━━━ STORED DATA ━━━

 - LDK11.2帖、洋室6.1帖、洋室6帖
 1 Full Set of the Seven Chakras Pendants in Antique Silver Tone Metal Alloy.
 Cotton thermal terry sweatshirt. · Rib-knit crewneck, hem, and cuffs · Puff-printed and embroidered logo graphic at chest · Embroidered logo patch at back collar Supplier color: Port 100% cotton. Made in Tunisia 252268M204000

━━━
━━━ STORED DATA ━━━

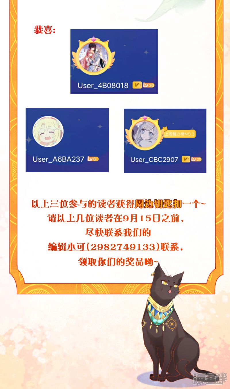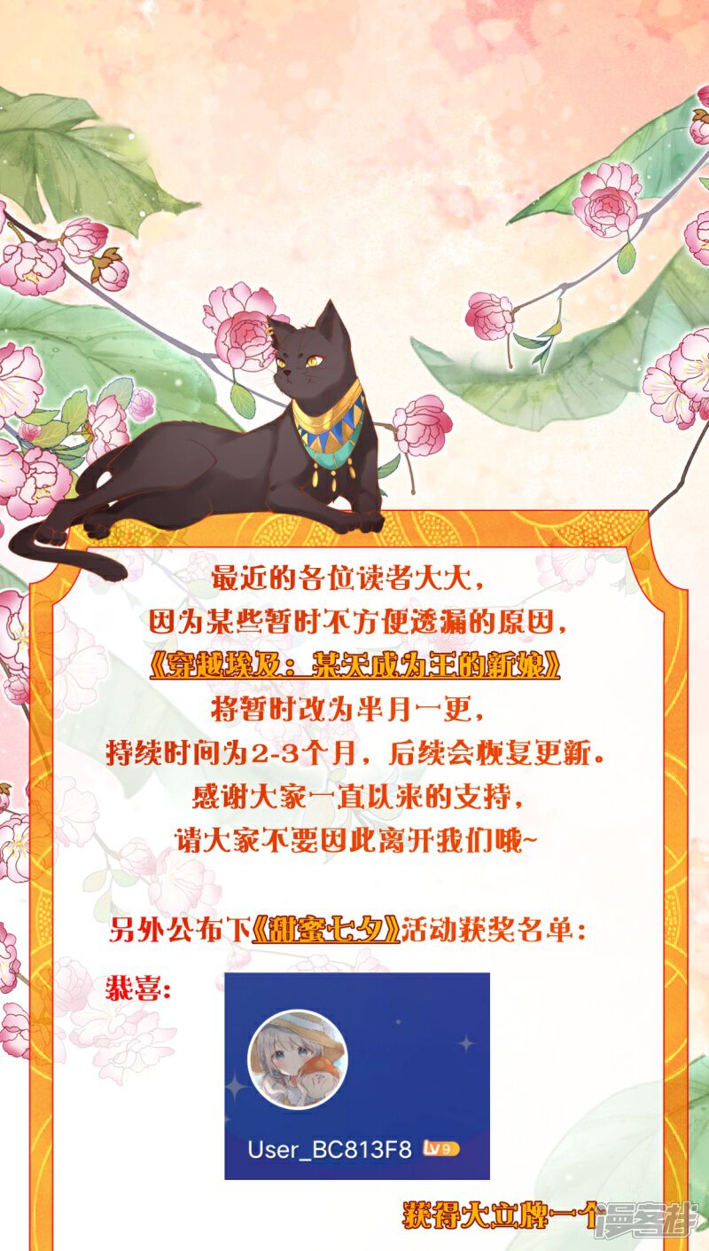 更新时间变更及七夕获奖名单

━━━

YOUR INSTRUCTIONS >>
Taking the entries above, restate exactly those lines that fall between the line with "- LDK11.2帖、洋室6.1帖、洋室6帖" and the line with "Cotton thermal terry", keeping both of those lines too.

COMPLETED TASK >>
 - LDK11.2帖、洋室6.1帖、洋室6帖
 1 Full Set of the Seven Chakras Pendants in Antique Silver Tone Metal Alloy.
 Cotton thermal terry sweatshirt. · Rib-knit crewneck, hem, and cuffs · Puff-printed and embroidered logo graphic at chest · Embroidered logo patch at back collar Supplier color: Port 100% cotton. Made in Tunisia 252268M204000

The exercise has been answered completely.